# Need to vent, I'm getting madder than a wet hen



## Sparkles422 (Jun 3, 2011)

Why can't my ex be polite and answer my simple text message. It's not as if I'm asking him to f_ _ _ me. I just want my cookbook that was given to me 30 years ago with ALL my recipes!

This is what I text:

Hi. Hope ur doing well. May we make arrangements so I can pick up my cookbook. Michele

What's so bad about that? What the heck is he so angry about? He's that one that cheated. Yes, I filed and divorced him but come on, he's 65 years old and should understand the rudiments of behavior.

If the situation was reversed, I would make an arrangement, leave it on the porch or wherever and not be home. 

I want that cookbook, guess I'm not going to get it.

Any ideas as to why the silence?


----------



## Catherine602 (Oct 14, 2010)

Based on your history with this man and the way he treated you, I wonder why you would want to to make any overtures towards him for anything worth less than a million dollars. you are giving him a chance to get you angry and hurt again all over a cook book. I'd take it burn it before bring the thing in my house if he had it. 

Turn over a new leaf get a better cook book browse in Williams and Sanoma there are wonderful well illustrated ones. Learn new recipes and let the past go. Don't contact him and ask him for anything. The best revenge is to live well. 

Ohh one thing you can do is to make him holiday cookies in the shape of the 3rd finger left hand with a liberal amount of dog poo. Leave it on the porch. 

I must warn you that I am rather vindictive when it comes to decievers and i can think of mean things to do. But is it probably better to leave as a fantasy. :{
_Posted via Mobile Device_


----------



## nice777guy (Nov 23, 2009)

Control? Just doing something stupid to pi$$ you off because he can?

Hope you get your book back...really sounds just childish on his part.


----------



## that_girl (Jul 6, 2011)

Buy a new cookbook and start over. Sucks, but...stop dealing with him.


----------



## Sparkles422 (Jun 3, 2011)

Thank you all.

I'm letting it go. It's hard because my sister gave it to me and it had alot of my mother's recipes in it and she's at an age that she doesn't remember.

But I did start a new one and I'll start adding to that.

Oh it didn't open anything that has healed, that's why I had waited but he is unreasonable and evidently vindictive. And that is his problem. Screw the stupid book.

Subject closed.


----------



## Freak On a Leash (Feb 19, 2010)

Is he still living where you used to live? Can't you just go over and get it when you know he's not home? 

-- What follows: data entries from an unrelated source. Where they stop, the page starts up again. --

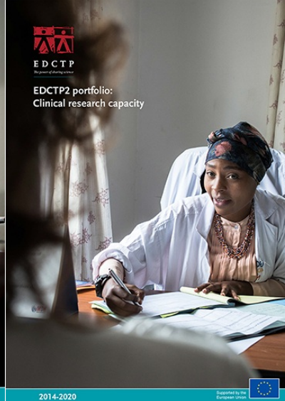
Clinical research capacity PDF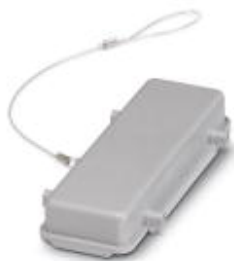
HEAVYCON protective cover, B24 series, for sleeve housing with double locking latch, with retaining cord, IP54, with seal

Please be informed that the data shown in this PDF Document is generated from our Online Catalog. Please find the complete data in the user's documentation. Our General Terms of Use for Downloads are valid ( http://phoenixcontact.com/download )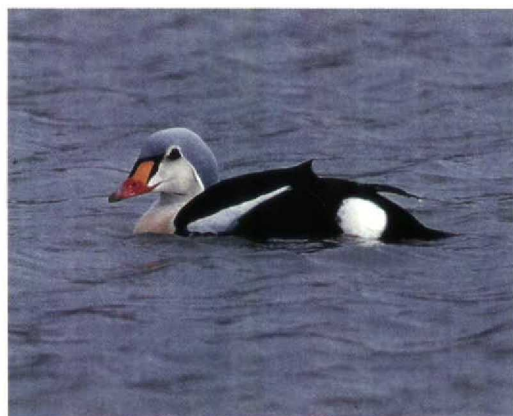
88 Pallid Harrier / Steppekiekendief Circus macrourus , third-year male, Vlissingen, Zeeland, 5 September 1991 (Rob Sponselee) 89 Dusky Warbler / Bruine Boszanger Phylloscopus fuscatus , second-year, Terschelling, Friesland, 9 November 1990 (Lammert van der Veen) 90 Great Spotted Cuckoo / Kuiikoekoek Clamator glandarius , second-year, Lelystad, Flevoland, 4 April 1991 (Allan Liosi) 91 Black-eared Wheatear / Blonde Tapuit Oenanthe hispanica , female, Rottumeroog, Groningen, 6 June 1991 (Wim Steenge) 92 Lesser Yellowlegs / Kleine Geelpootruiter Tringa flavipes , adult winter, Flauwers Inlagen, Zeeland, 9 October 1991 (Hans Gebuis) 93 King Eider / Koningseider Somateria spectabilis , Hoek van Holland, Zuidholland, 16 February 1991 (René van Rossum)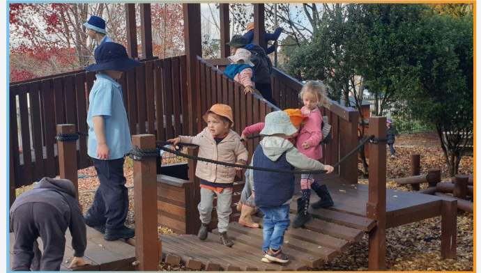
Above: 'Big schoolers' from Crookwell Public School visiting, May 2021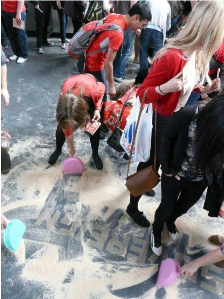
Cleaning the floor of a workhouse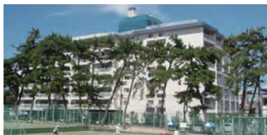
1969 Ashiya Matsuhama Heights

Established Hasegawa Komuten in Amagasaki-shi, Hyogo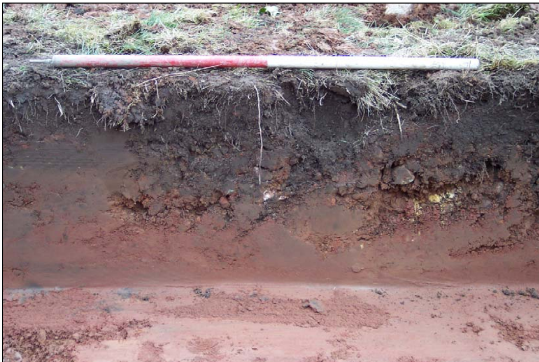
Plate 4: North-facing section of Trench 1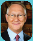
Mayor Gérald Tremblay Montréal, Québec Director, St. Lawrence/Québec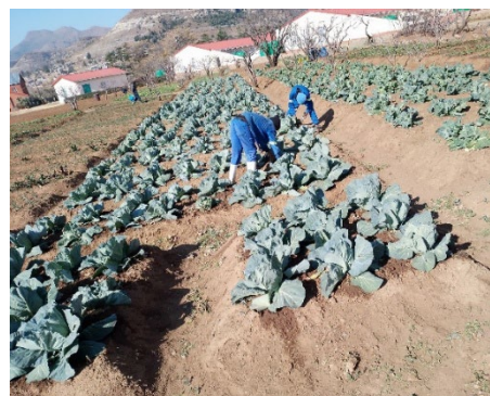
Learning about growing vegetables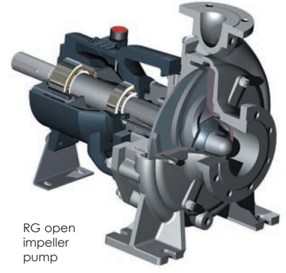
What is your latest product and on what projects are you currently working?

The newborn is the multichannel pump of the RB series, featuring quite high flow rates (2000 m<sup>3</sup>/h) with head up to 70 meters.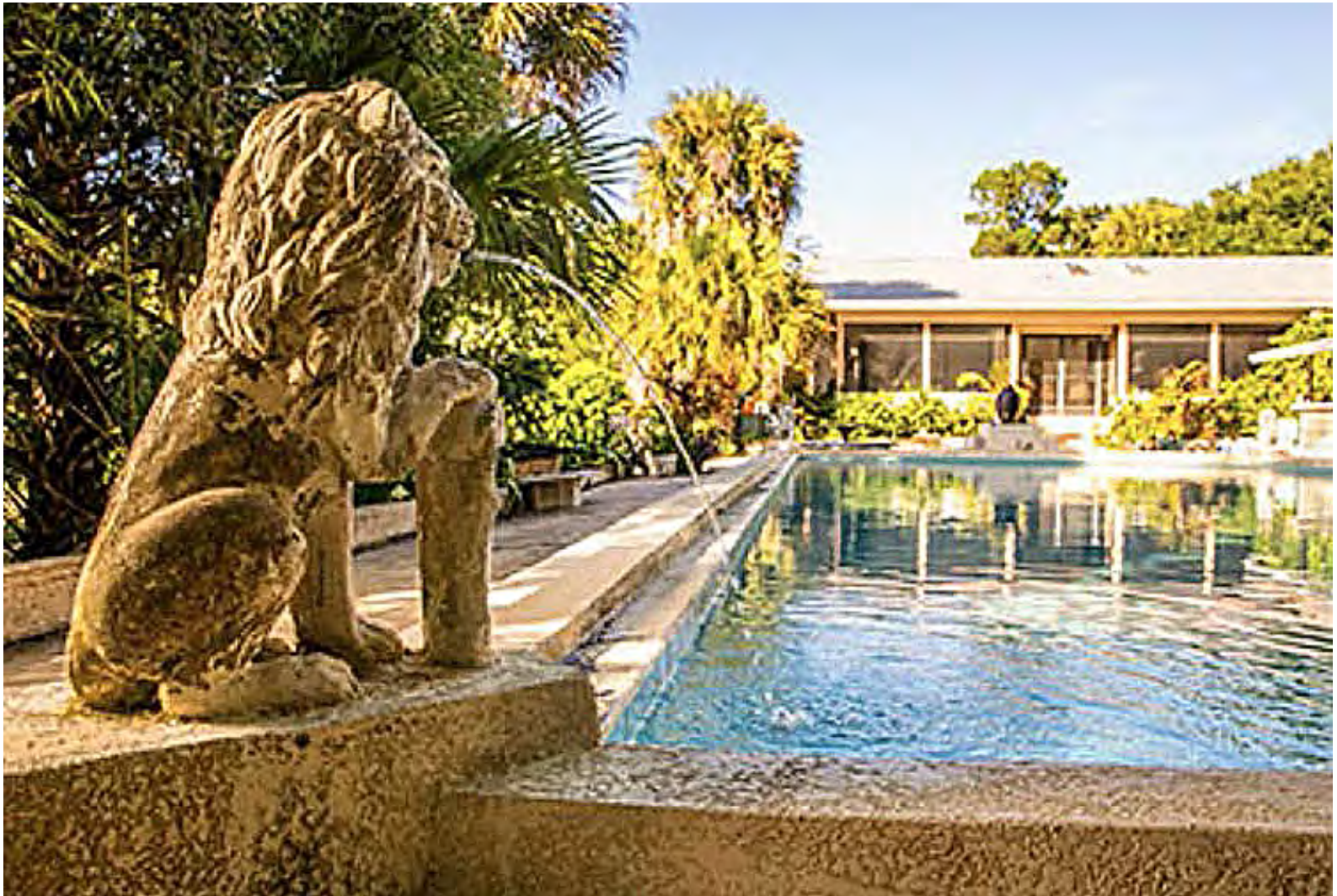
Goodrich pool today with original lion fountain.

Or if you don't have access to where he lives just go over and politely ask him for the book and SAY NOTHING ELSE. 

I guess it depends on the situation. I'd stop texting him though. Puts the power in his hands. Take things into your own hands or let it drop.


----------



## Sparkles422 (Jun 3, 2011)

Hi freak on a leash: It was the first text/contact since early August that I made.

I'm dropping it. Guess it's a form of angry control but that doesn't matter what ex's headset is. I'm moving on from this, no big deal.

Thanks for the input.


----------



## I'mInLoveWithMyHubby (Nov 7, 2011)

It's a control issuse. My ex would of thrown anything I wanted in the garbage. Anything to have control. I hope you get your cookbook back! I'd be devastated. I make up a lot of my own recipes, but I keep them online where it's easy access.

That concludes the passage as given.